Setelah semua bersalaman, Anna dan keluarga sudah berada dalam mobil yang baru mereka beli.


"Sekarang jam 11.10 masih ada waktu 1 jam lagi menjelang sholat Jum'at," ucap Paman.


"Paman, Anna mau ke Toko Buku dulu." ucap Anna.


"Baiklah." ucap Ibrahim.


Tidak berapa lama mereka sampai di Toko Buku, semuanya ikut masuk ke toko itu.


Paman berjalan sendiri di dalam toko, begitu juga dengan kakek, keduanya berjalan terpisah di dalam toko, seolah mereka mencari kebutuhan masing-masing.

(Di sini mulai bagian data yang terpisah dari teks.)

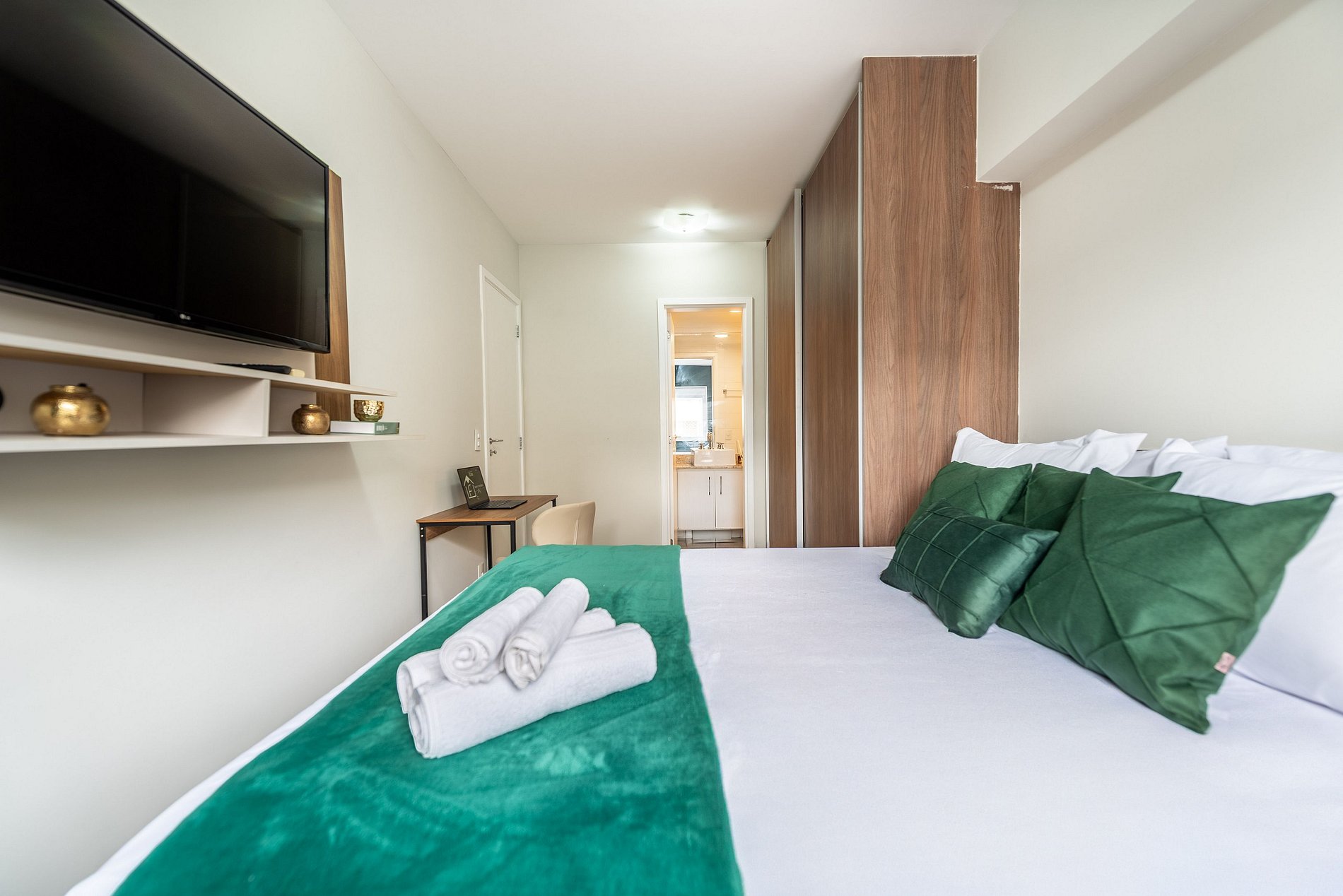 * Espaços de Trabalho: Um local dedicado ao home office, localizado na suíte.
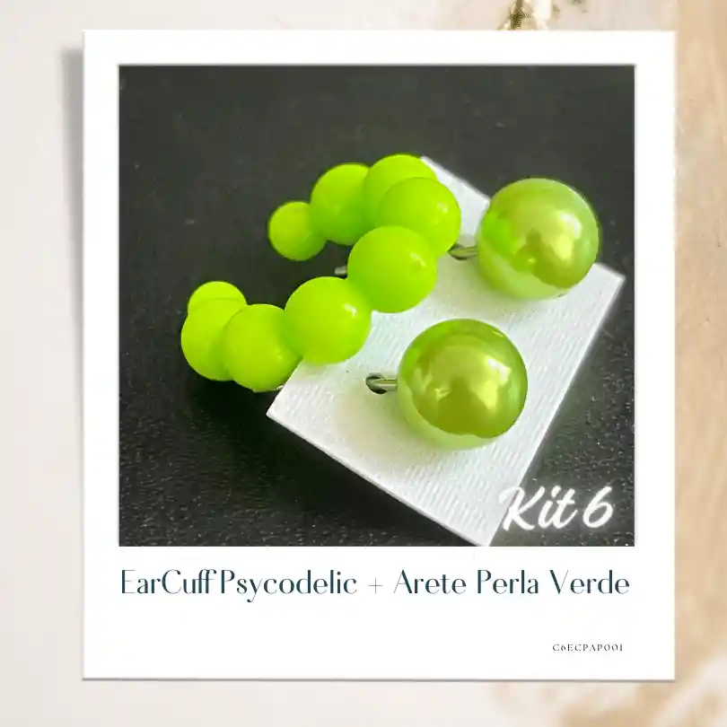 Combo 5 EarCuf Psycodelic Goma + Arete Perla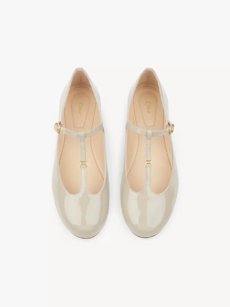 The upper is detailed with Marcie’s gold-tone hardware in miniature while the Chloé-engraved buckle lends a signature finish to these comfortable ballet flats.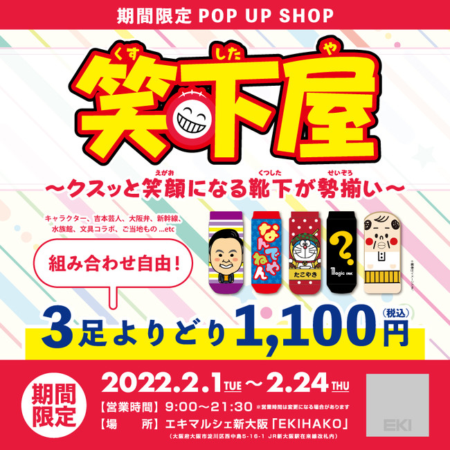 オリジナル商品の企画・制作・販売を軸に、企業・組織のトータルブランディングを手掛ける株式会社ヘソプロダクション(本社:大阪市福島区・代表取締役:稲本ミノル)は、2022年2月1日(火)〜 2月24日(木)の間、JR新大阪駅在来線改札内 エキマルシェ新大阪「EKIHAKO」にて、クスッと笑顔になる靴下が大集合するポップアップショップ「笑下屋(くすしたや)」を期間限定オープンいたします。

Sementara Anna jalan berdampingan dengan Ibunya, mereka menuju Rak buku tulis yang memajang berbagai bentuk,ukuran dan merek buku tulis.


Anna memilih buku tulis bertulis Campus,. buku yang lumayan tebal, lebih panjang dari buku tulis biasa tentu saja sangat cocok untuk anak SMA.


"Bu ambil 1 kodi ya." ucap Anna pada Ibunya.


"Iya" ucap Ira singkat.


"Anna juga perlu perlengkapan menulis Bu."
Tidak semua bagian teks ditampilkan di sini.